Paul and Don and Connie were immersed in it, but at least they had some outside life. Paul had his wife and kids, and Donald had a partner, and Connie had her family. So yes, they were immersed in it, but they did go home. I think it was hardest on Donald, since he was a gay man and had many friends who were ill. The patients could become obsessive about it. They could really wear you down. But for the most part, they recognized that providers needed to take care of themselves some.

What was provided for physicians to keep them informed was the KS Clinic and the study group, the KS Foundation bibliography and the MMWR, and they had a lot of connectedness among themselves when they needed to. But the information just got more and more massive.


Alternative Treatments

Lewis

The other piece that began to happen, as it does in any disease, I guess, is that there began to be a lot of alternative treatments. People were into macrobiotic diets or meditation, Louise Hayes, all of that kind of thing. That was an area where I think most physicians were less well equipped to deal with and less informed. Patients would come in claiming to have heard that this was going to do X, Y, or Z--raise your T cells or whatever. That was followed in the BAR and the Sentinel and those kinds of publications.
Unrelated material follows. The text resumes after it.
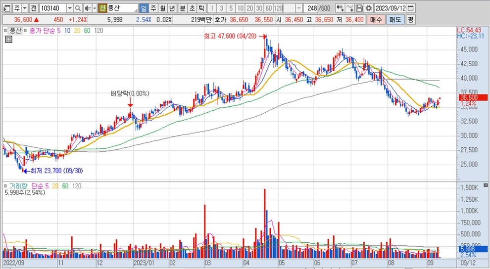 이미지 확대보기풍산의 주가는 12일 오전 9시 3분 현재 전일보다 450원(1.24%) 오른 3만6600원에 거래되고 있다.
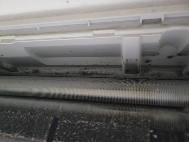 こちらもアルミフィン全体にカビが広がっています。

Actually, at UC or at [Wards] 86 and 5A, those kinds of places, they always had those gay press papers around and made a point of having them there for people to look at. It was very common to see providers looking through them and trying to keep up, because that was the piece where I think they felt unequipped.


Hughes

Physicians were being asked by their patients for advice about alternative therapies?


Lewis

Yes, exactly, on things that had appeared in the gay press, but that had not appeared in the mainstream literature.


Hughes

Did you have to deal with alternative therapy?


Lewis

Oh, yes.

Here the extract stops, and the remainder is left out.